What is expected:
Using the data that follows, return exactly the lines from the one that contains "Automatic Food Tracking" through the one that contains "Nachdem 2010 die", ends included.

Raw data:
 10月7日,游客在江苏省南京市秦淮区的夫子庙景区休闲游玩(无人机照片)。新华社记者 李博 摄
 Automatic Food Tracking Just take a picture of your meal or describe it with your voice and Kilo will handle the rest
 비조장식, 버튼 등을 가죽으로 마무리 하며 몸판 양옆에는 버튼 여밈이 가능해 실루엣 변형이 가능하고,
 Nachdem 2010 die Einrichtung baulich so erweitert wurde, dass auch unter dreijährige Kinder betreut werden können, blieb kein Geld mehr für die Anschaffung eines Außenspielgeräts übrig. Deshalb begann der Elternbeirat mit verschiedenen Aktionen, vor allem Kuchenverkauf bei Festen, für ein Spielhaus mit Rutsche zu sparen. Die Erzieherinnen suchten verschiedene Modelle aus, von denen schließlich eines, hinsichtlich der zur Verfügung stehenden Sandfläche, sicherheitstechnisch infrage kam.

---

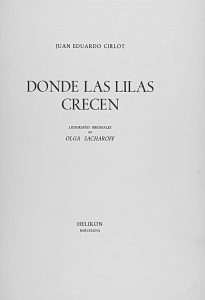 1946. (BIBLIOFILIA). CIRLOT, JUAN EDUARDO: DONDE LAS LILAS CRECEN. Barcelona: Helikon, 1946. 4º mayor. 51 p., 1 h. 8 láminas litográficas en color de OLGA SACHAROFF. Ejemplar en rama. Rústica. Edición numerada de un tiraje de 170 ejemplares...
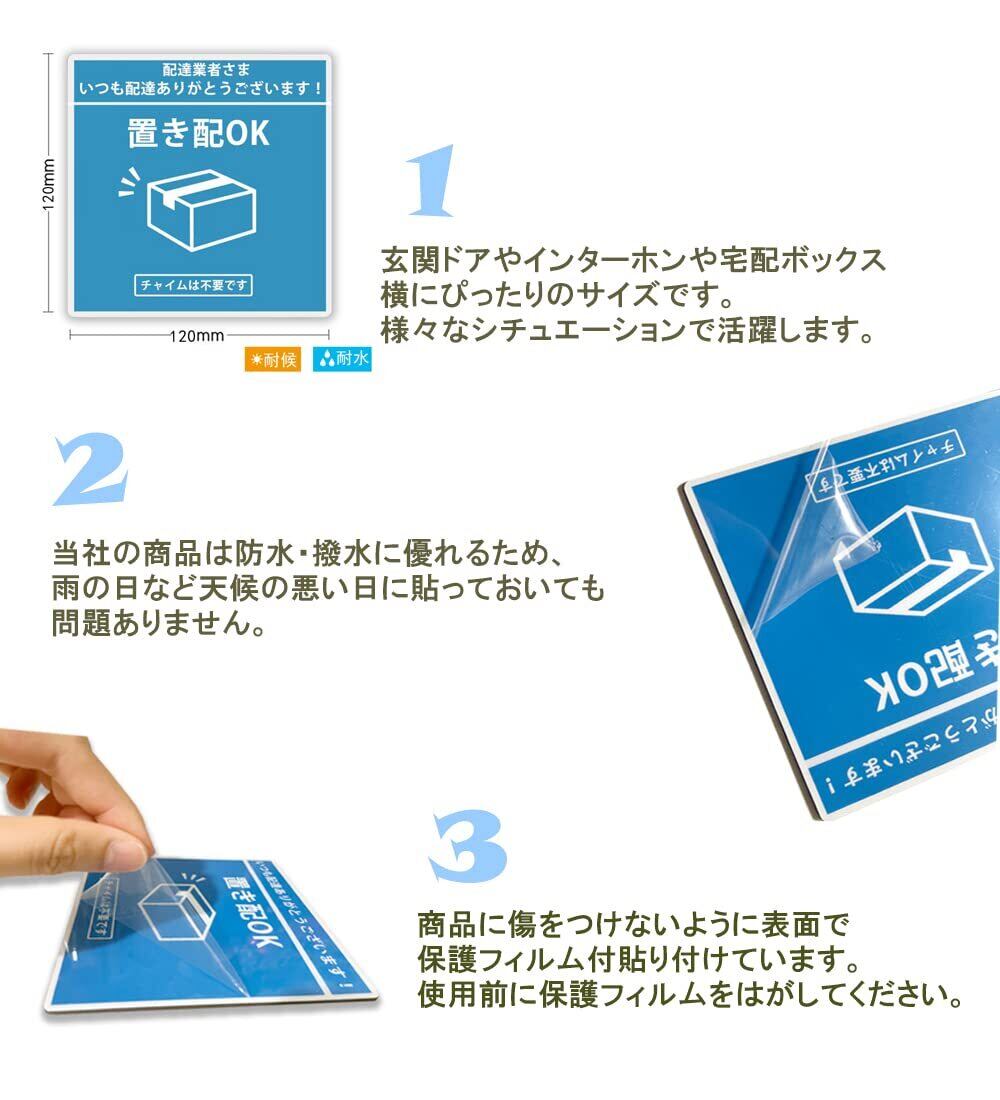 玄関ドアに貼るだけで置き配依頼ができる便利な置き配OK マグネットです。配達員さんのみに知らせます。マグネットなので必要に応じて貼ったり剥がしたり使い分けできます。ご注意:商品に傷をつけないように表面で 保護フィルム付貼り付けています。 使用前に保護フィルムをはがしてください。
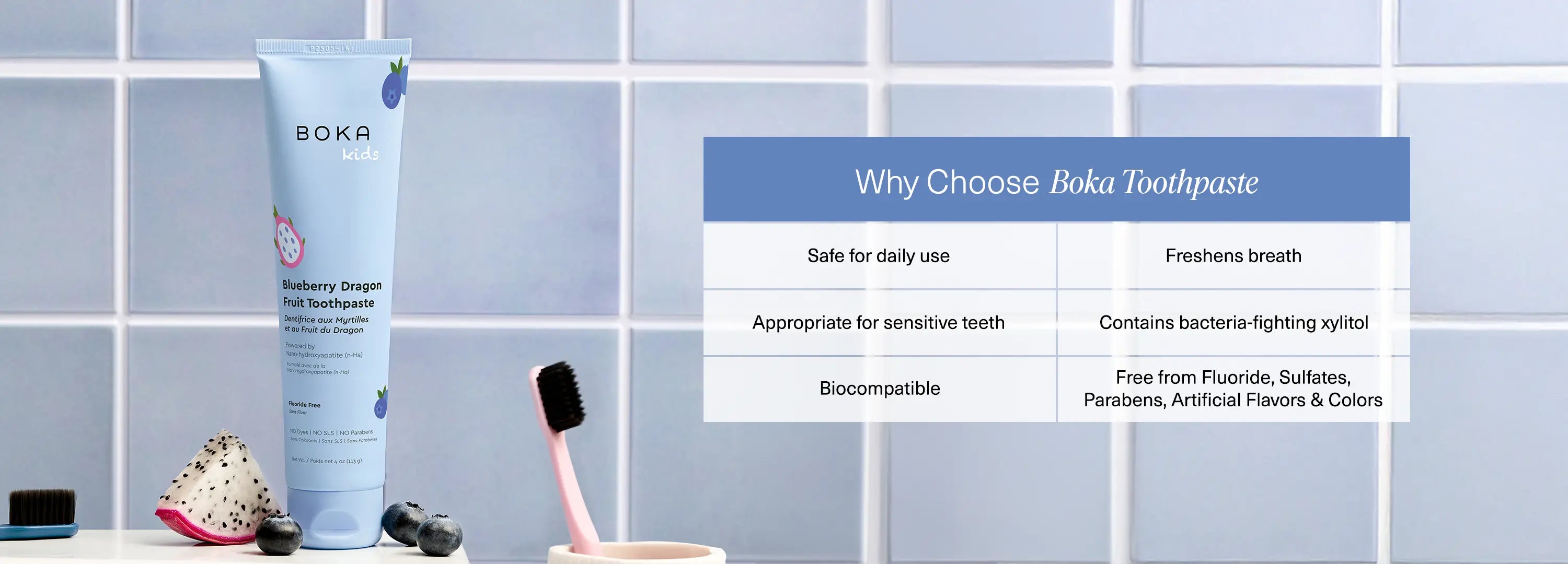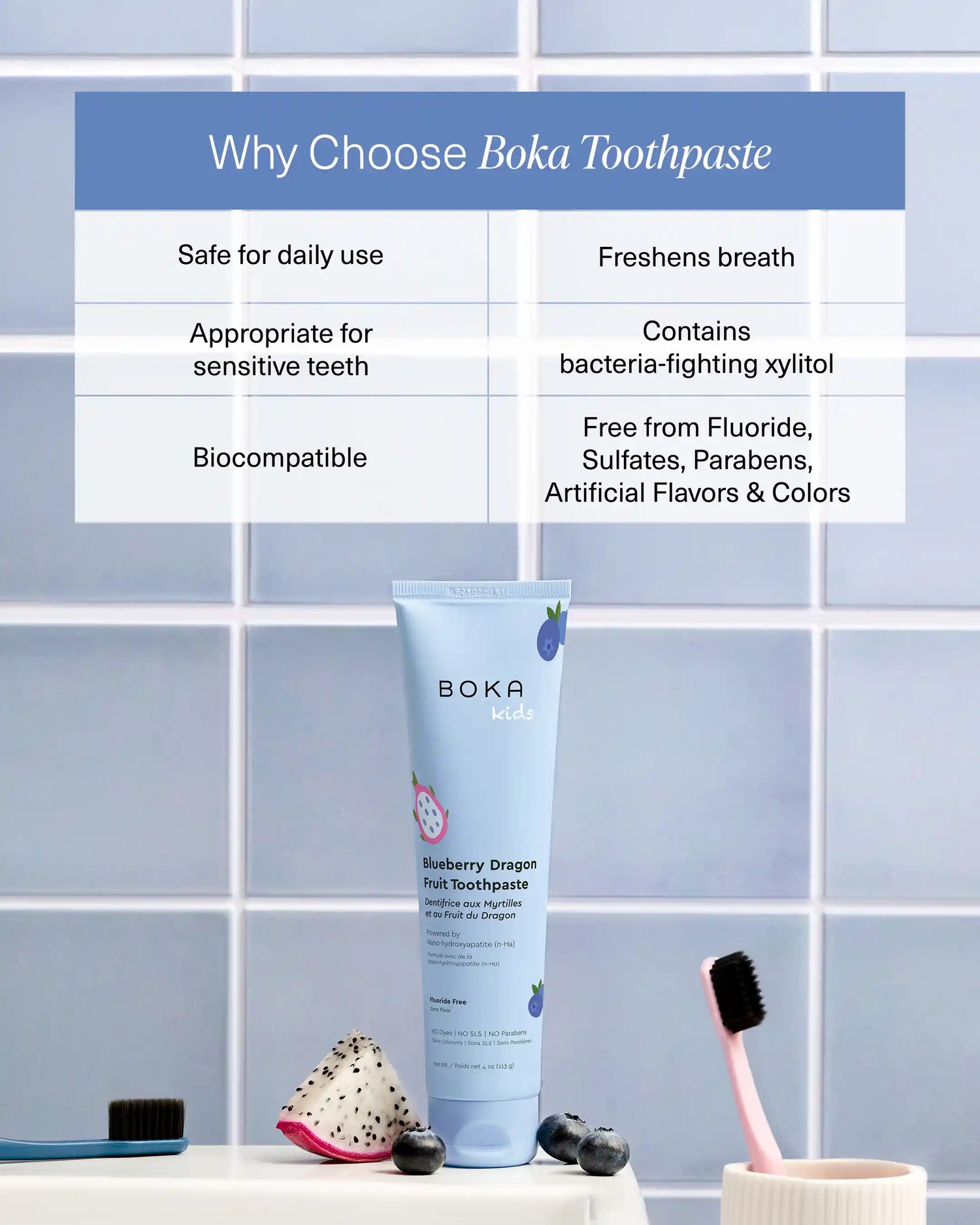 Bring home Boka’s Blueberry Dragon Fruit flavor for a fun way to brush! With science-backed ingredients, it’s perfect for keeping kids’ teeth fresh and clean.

* * *

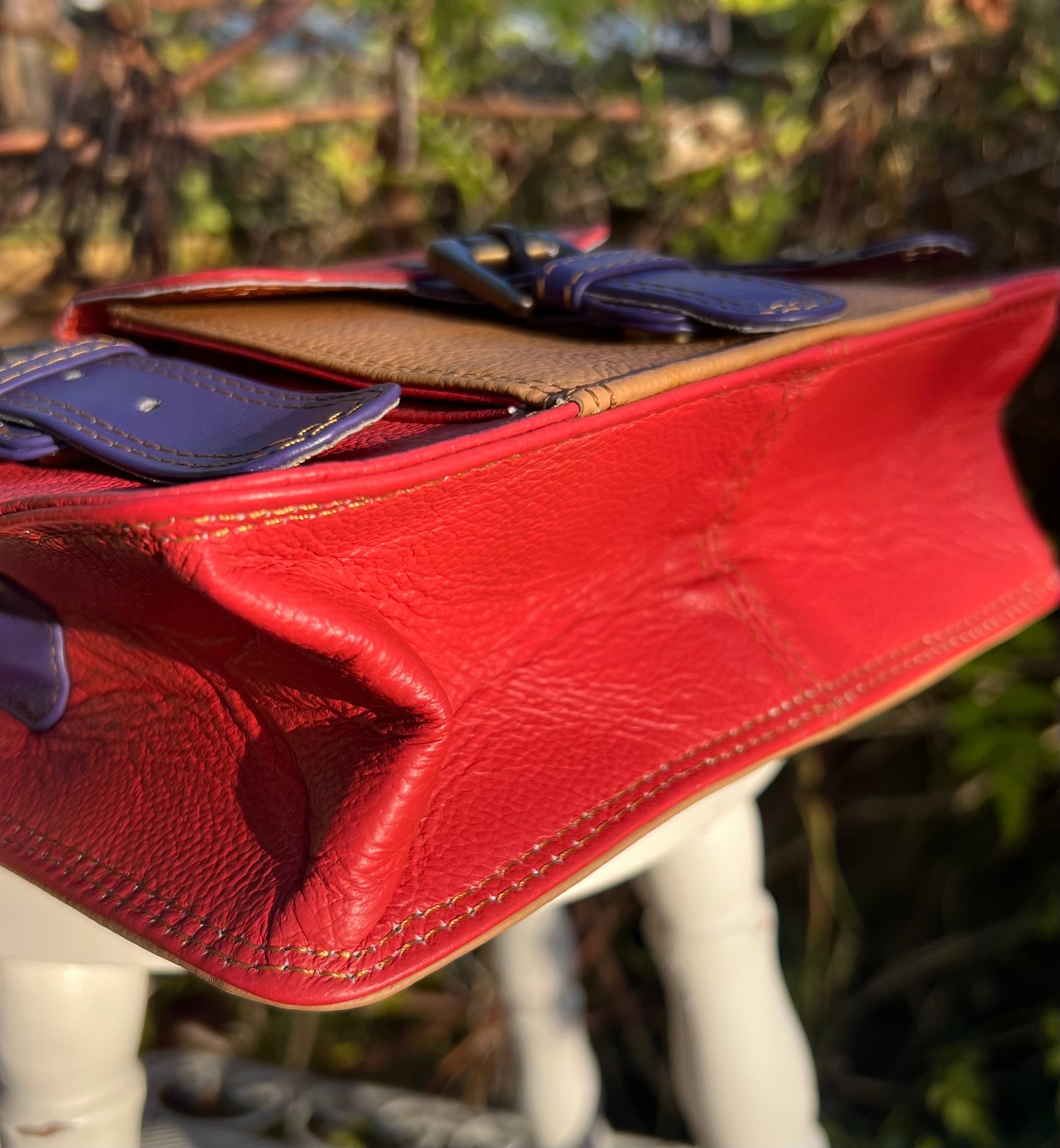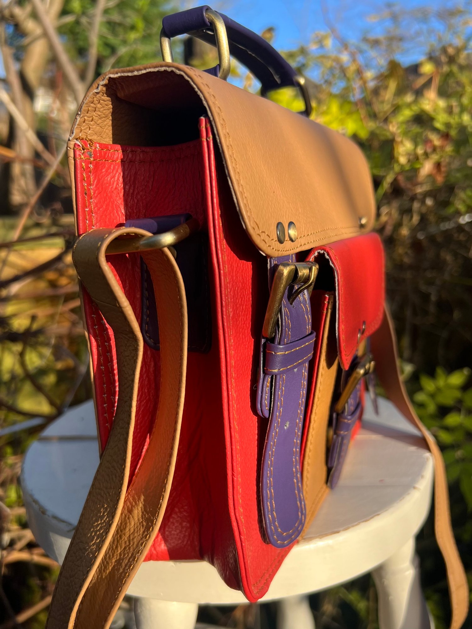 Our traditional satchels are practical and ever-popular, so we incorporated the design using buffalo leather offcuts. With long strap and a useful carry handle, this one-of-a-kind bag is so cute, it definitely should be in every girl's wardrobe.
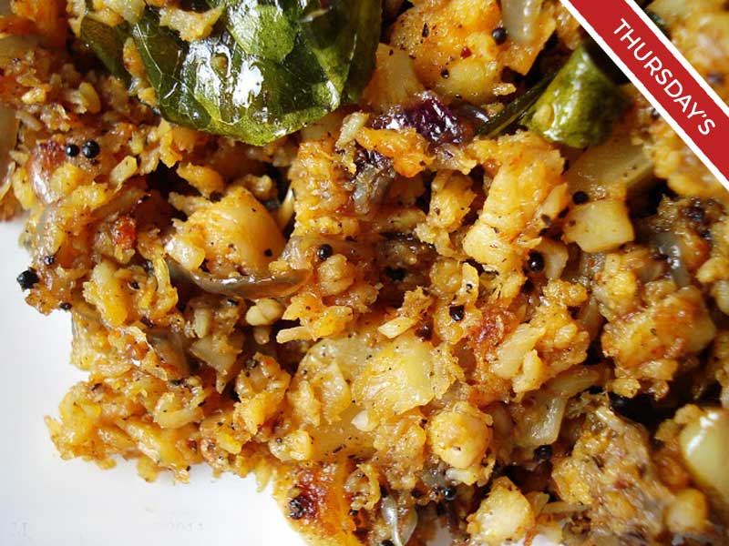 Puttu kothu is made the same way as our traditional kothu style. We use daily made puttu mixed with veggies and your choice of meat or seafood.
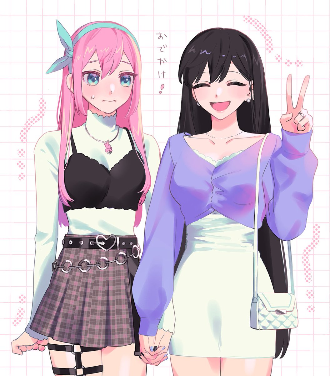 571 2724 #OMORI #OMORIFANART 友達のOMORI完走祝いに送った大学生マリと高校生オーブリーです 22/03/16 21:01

Result for this task:
 Automatic Food Tracking Just take a picture of your meal or describe it with your voice and Kilo will handle the rest
 비조장식, 버튼 등을 가죽으로 마무리 하며 몸판 양옆에는 버튼 여밈이 가능해 실루엣 변형이 가능하고,
 Nachdem 2010 die Einrichtung baulich so erweitert wurde, dass auch unter dreijährige Kinder betreut werden können, blieb kein Geld mehr für die Anschaffung eines Außenspielgeräts übrig. Deshalb begann der Elternbeirat mit verschiedenen Aktionen, vor allem Kuchenverkauf bei Festen, für ein Spielhaus mit Rutsche zu sparen. Die Erzieherinnen suchten verschiedene Modelle aus, von denen schließlich eines, hinsichtlich der zur Verfügung stehenden Sandfläche, sicherheitstechnisch infrage kam.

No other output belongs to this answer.